# TASK DIRECTIONS
Set the data below down again, exactly, with every picture left out.

# DATA BLOCK
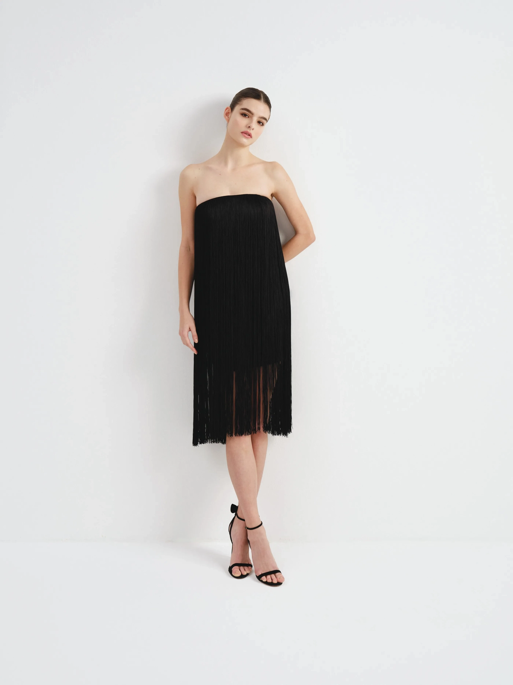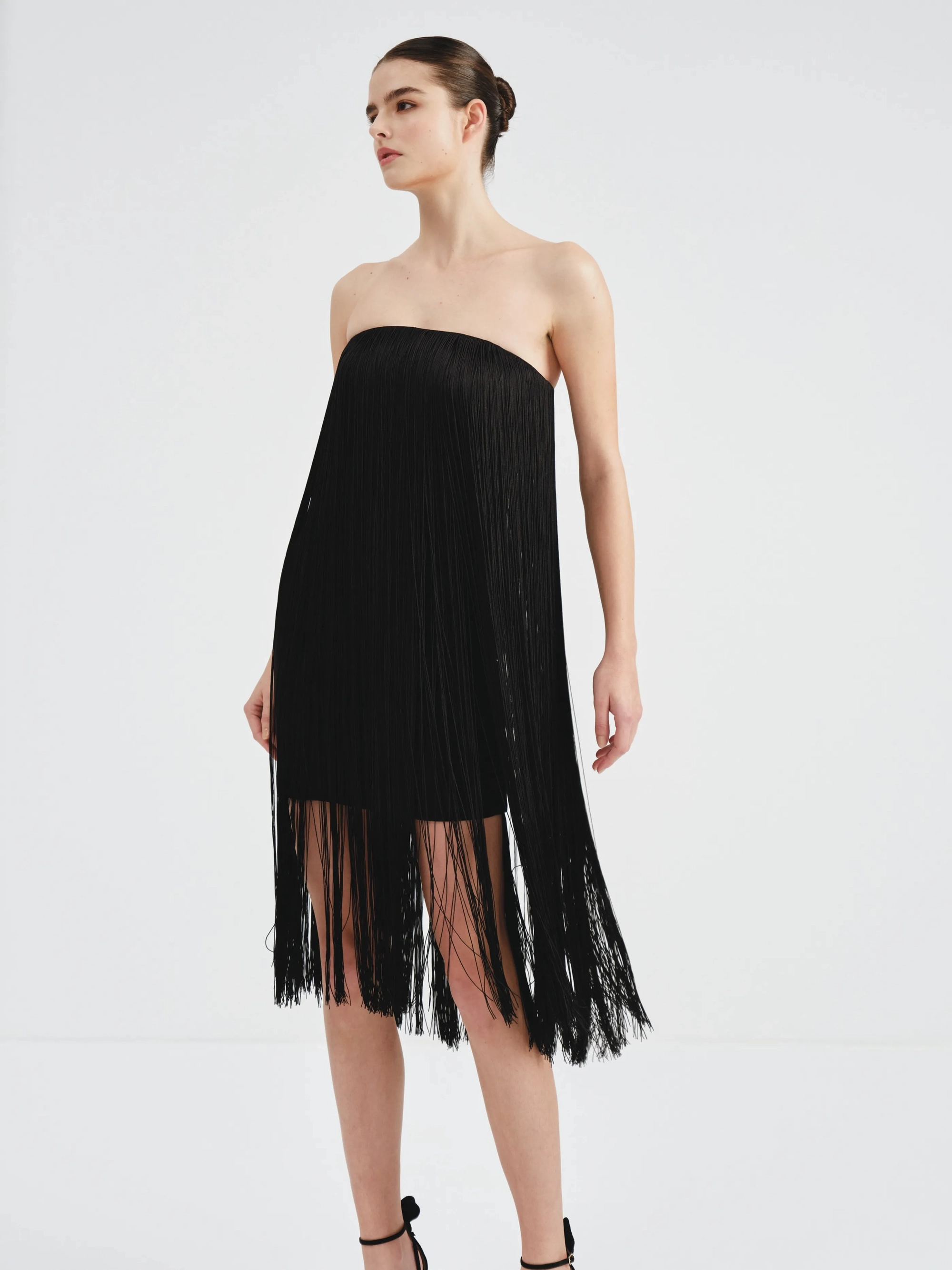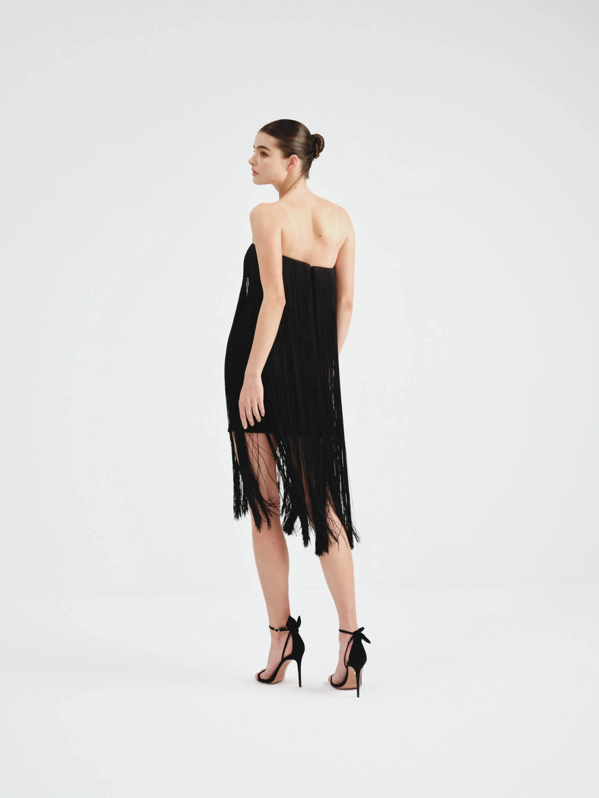 This is a bold and stylish strapless dress with a straight neckline, featuring a flowing fringe that cascades down the length of the dress. The design gives it a dramatic and dynamic look. The short, fitted base adds a contemporary edge to the glamorous aesthetic.
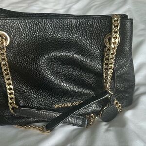 Chic black mini shoulder bag by Michael Kors. Features gold chain details and logo charm. Perfect for any outfit.
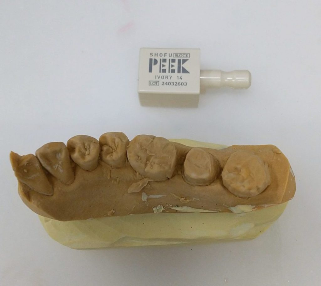 PEEK(ポリエーテルケトン)を使用したCAD/CAMの修復樹脂材料です。

# COMPLETED EXERCISE
 This is a bold and stylish strapless dress with a straight neckline, featuring a flowing fringe that cascades down the length of the dress. The design gives it a dramatic and dynamic look. The short, fitted base adds a contemporary edge to the glamorous aesthetic.
 Chic black mini shoulder bag by Michael Kors. Features gold chain details and logo charm. Perfect for any outfit.
 PEEK(ポリエーテルケトン)を使用したCAD/CAMの修復樹脂材料です。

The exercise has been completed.